**Exercise prompt:** The listing below is to be duplicated exactly, with every picture omitted.

**Source material:**
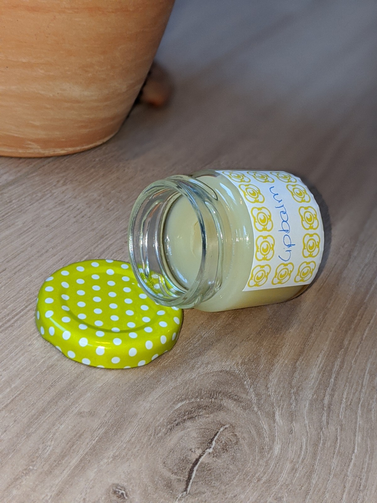 Den noch flüssigen Lipbalm in kleine Tiegel aus Glas füllen und abkühlen lassen.
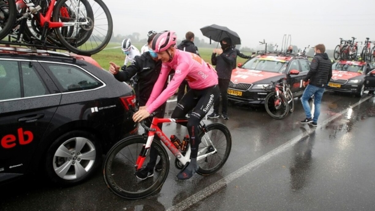 D’Coureuren hu protestéiert, nodeems fir d’Regioun an der Lombardei ganz staarke Reen gemellt ass. Den neien Depart gouf an den Norde vu Mailand verluecht.
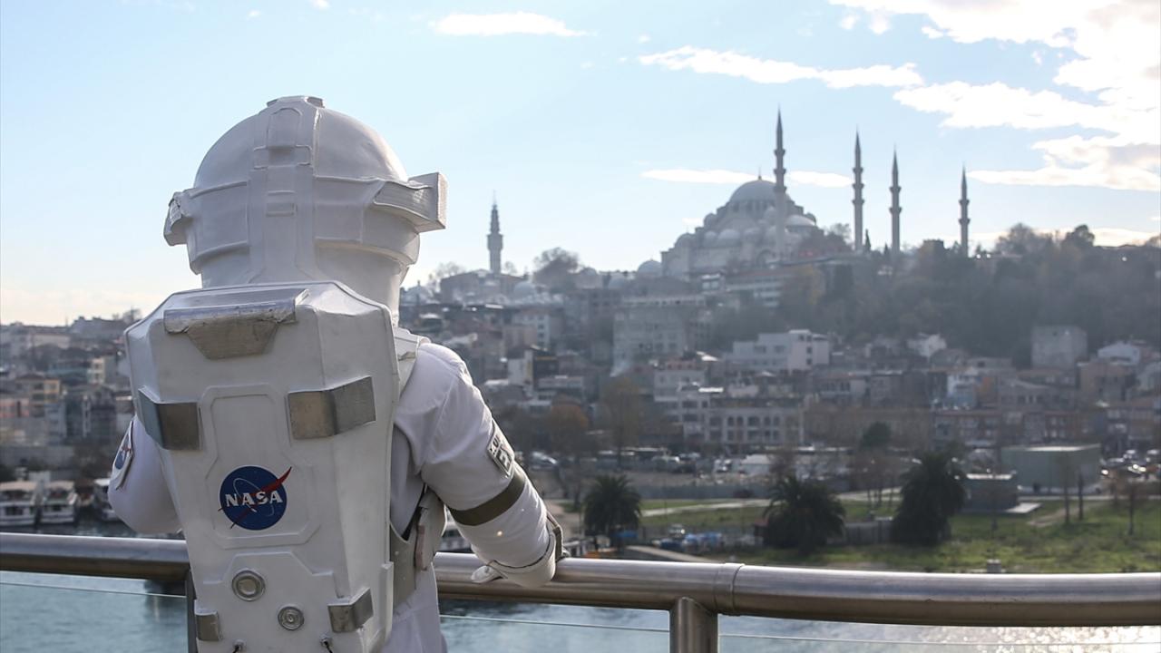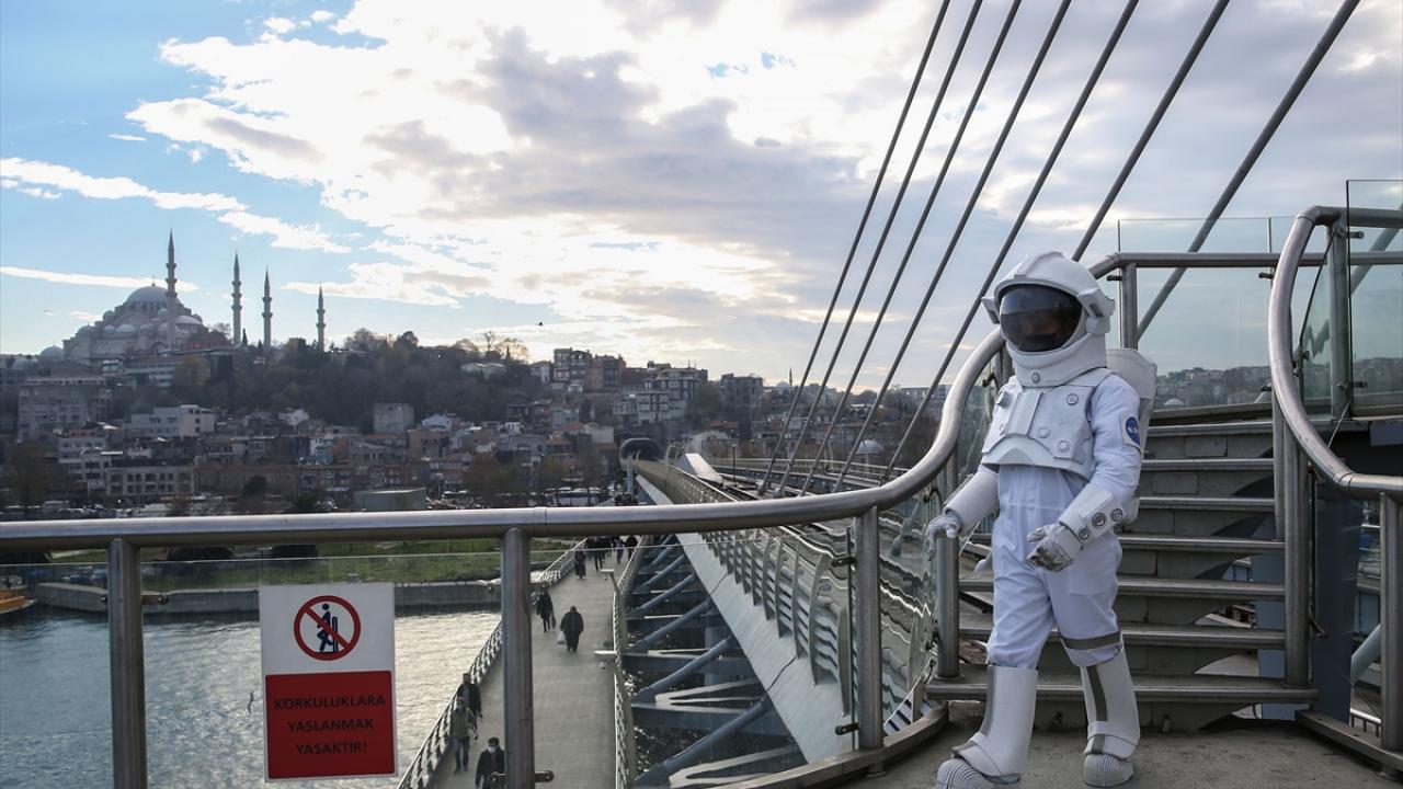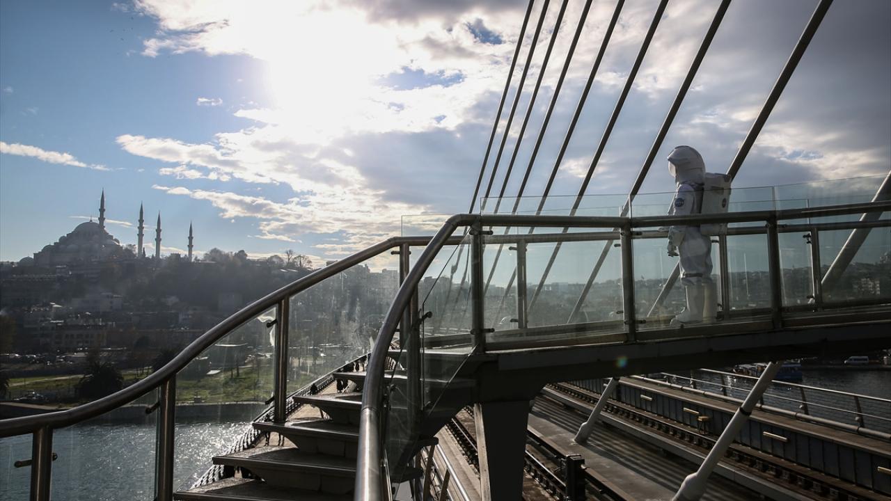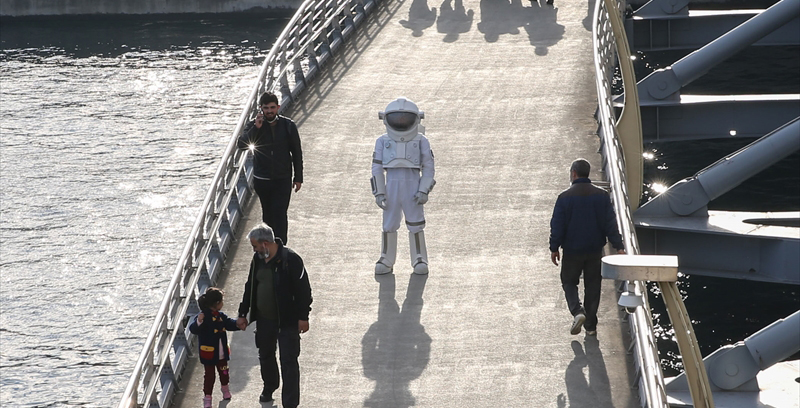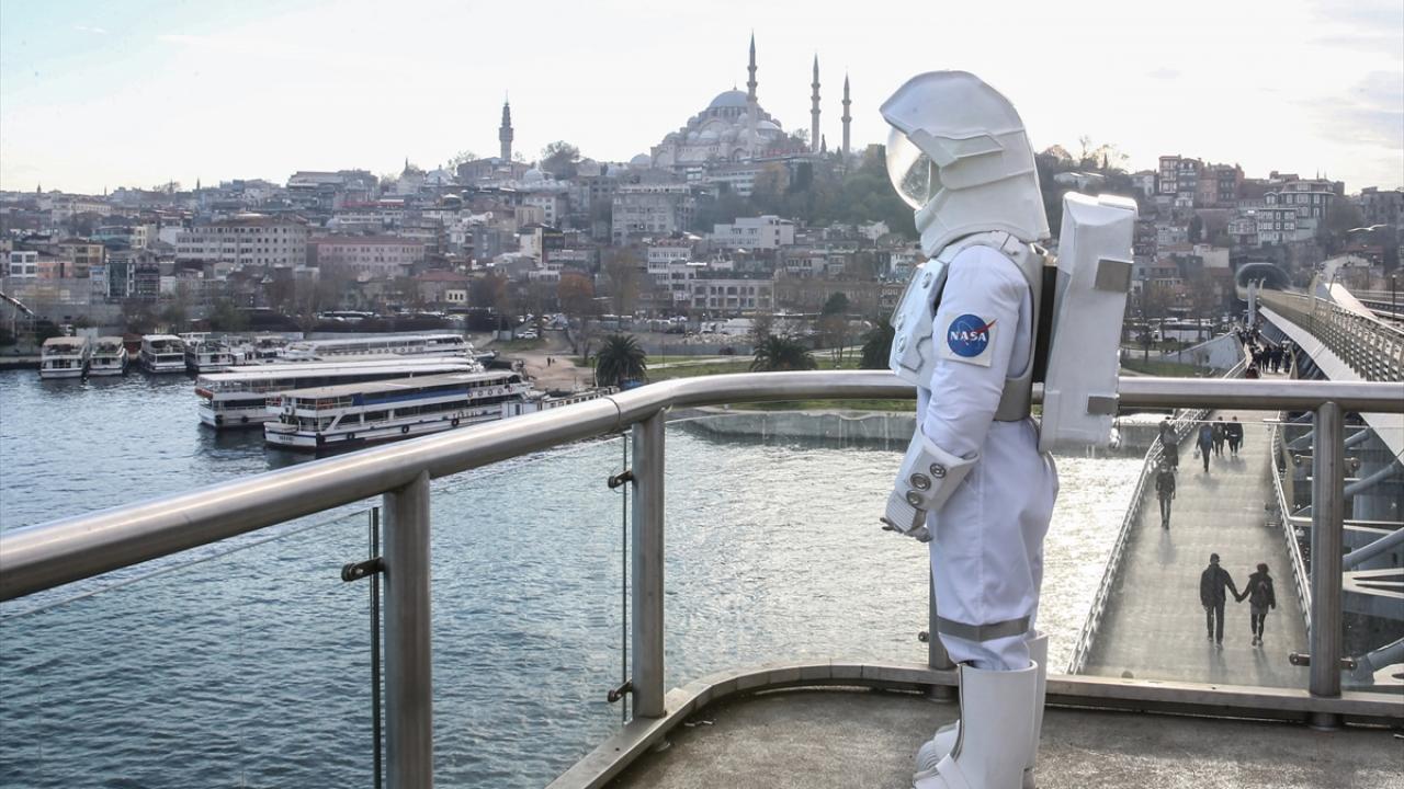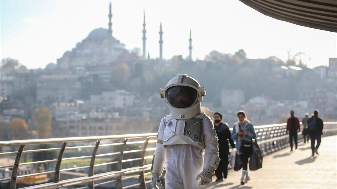 Açılış öncesi serginin tanıtımı için astronot kıyafeti giyen bir kişi M2 Yenikapı-Hacıosman metro hattındaki duraklarda gezerek Haliç durağında inip İstanbul`un tarihi manzarasını izledi.

**Result of the exercise:**
 Den noch flüssigen Lipbalm in kleine Tiegel aus Glas füllen und abkühlen lassen.
 D’Coureuren hu protestéiert, nodeems fir d’Regioun an der Lombardei ganz staarke Reen gemellt ass. Den neien Depart gouf an den Norde vu Mailand verluecht.
 Açılış öncesi serginin tanıtımı için astronot kıyafeti giyen bir kişi M2 Yenikapı-Hacıosman metro hattındaki duraklarda gezerek Haliç durağında inip İstanbul`un tarihi manzarasını izledi.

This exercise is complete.